Cet été, Open Circus à Montpellier devient chaque nuit le théâtre de cracheurs de feu, de magiciens et de trapézistes. Le jour, en revanche, il abrite une exposition d’art digital proposée par Métaculture, persuadé que cette réunion de deux mondes qu’a priori tout oppose tombe totalement à propos. À l’image d’un cirque, l’exposition Dans le mirage s’anime de cette même envie de créer un espace alternatif à la réalité, « où se brouillent les frontières entre l’irrévérencieux et la satire, le centre et la périphérie, la réalité et la surréalité, la norme et l’anomalie. » Il convient en effet de ne pas oublier l’essentiel : le cirque renvoie également à cette tradition populaire de l’illusion et de la métamorphose.
À Montpellier, Dans le mirage se veut aussi minimaliste que percutante, et ambitionne de déclencher des révélations, des électro-chocs. Pour cela, l’exposition se concentre autour de trois oeuvres. Profitant des 400 m² d’écran offerts par ce chapiteau pas comme les autres, toutes se présentent sous forme de vidéos intégrant des technologies numériques, telles que l’image de synthèse, l’animation 3D ou l’intelligence artificielle – « ce genre de procédés qui unifie la sélection et rattache l’expo à l’univers du web3 » explique Mikaïl Chebel, curateur de Métaculture. En prime, ces trois œuvres sont le fait d’artistes issus de communautés diasporiques chargés de livrer un discours alternatif sur les problématiques actuelles.

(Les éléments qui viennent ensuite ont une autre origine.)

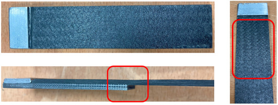 Novel Hybrid Junctions have been fabricated following the procedure outlined in Section 2.1. The resulting specimens are illustrated in Figure 11, with red boxes highlighting locations where there is minimal observable resin deficiency above the overlap area. However, measurements of CFRP thickness, taken both above the overlap area and at a considerable distance from it, reveal a notable difference. Specifically, the composite above the lattice exhibits reduced thickness due to a decrease in epoxy content.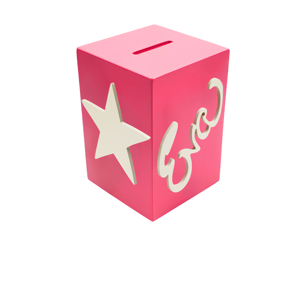 1. Tirelire personnalisée en bois - Motif Etoile - Couleur Framboise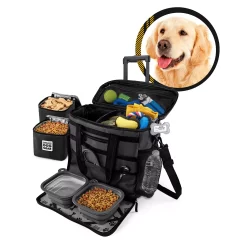 Overland Dog Gear is an organized luggage system that makes it simple to travel with your dog for any length of time. The Rolling Week Away Bag holds everything your dog needs to travel by car or air for a weekend, a week or even to the pet sitter. It’s your dog’s own luggage, complete with a special personalizable luggage ID tag. With Overland Dog Gear, you and your dog will be organized, packed–and ready to go!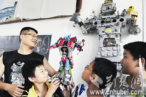 科幻片《变形金刚2》刚刚在武汉上映,就掀起一股“变形金刚”热。记者昨日(24日)在武汉市59中看到,会议室摆满机器人模型,最小的仅巴掌大小,最大的近一人高。该校美术老师邹华章介绍,这些都是他和同学们用各种废品制作的,其中一个“大黄蜂”模型已被武汉展览馆选中,准备公开展出。(张欣)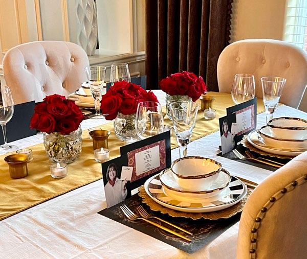 For the tablescape, I opted for a simple yet elegant theme using red, white, and gold tones. When I think of Ina, I picture timeless sophistication, so I went with classic red roses as the centerpiece, evoking her modern, yet classic entertaining style. To add a touch of whimsy, I created personalized place cards featuring a fun image of Ina with her hand raised, as if she were “holding” each guest’s name card. This small detail added a playful flair to the evening’s décor.
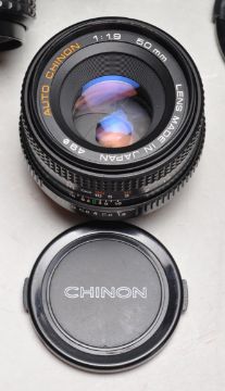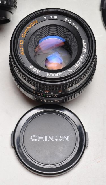 A collection of vintage camera equipment to include a A Chinon CE-4 automatic 35mm SLR camera, Pentax 28mm lens, Tefnon 28-80mm lens, Miranda 70mm-120mm, Auto Chinon 50mm and a Miranda 630CD flash, tripod, light measurer and more.

Le mirage, métaphore d’une désillusion salutaire
En d’autres mots, c’est à notre représentation du monde édulcorée, bercée d’illusions rassurantes, que s’attaquent les visions déployées ici. L’idée : faire émerger des contre-regards en déformant le réel pour mieux révéler les troubles de notre monde. Il y a Zine Andrieu qui produit un docu-fiction alternant images réelles et 3D en écho aux émeutes de 2005 – lesquelles résonnent tristement avec les mouvements populaires de cet été.
Au sein de la programmation il y a aussi Saki, qui nous immerge dans les fêtes pleines de vie du squat de B93 à la Courneuve. En tête ? L’envie de nous fait découvrir au sein d’un objet polymorphe sa découverte de ce lieu, comme une fenêtre d’espoir avant son expulsion. Enfin, il y a Marina Madras dont le travail laisse voir un Liban fracturé, à la fois empli de force et de poésie, à travers le prisme des émotions intimes et collectives, comme pour dire que rien n’est réductible à une vision simpliste et uniformisante.
La force de ces oeuvres ? Puiser dans les possibilités du numérique pour matérialiser des « mirages » qui, en retour, défont nos idées fausses, se jouent des préconçus sur les squats, les mouvements contestataires, les pays non-occidentaux… « Quand on s’approche de l’objet tant critiqué, on arrive à une nouvelle compréhension », appuie Mikaïl Chebel. Grâce à la scénographie immersive, laissons-nous donc absorber par ces regards salutaires, « fruits des aspirations d’une jeunesse en proie aux doutes, mais résolue à façonner le monde de demain ».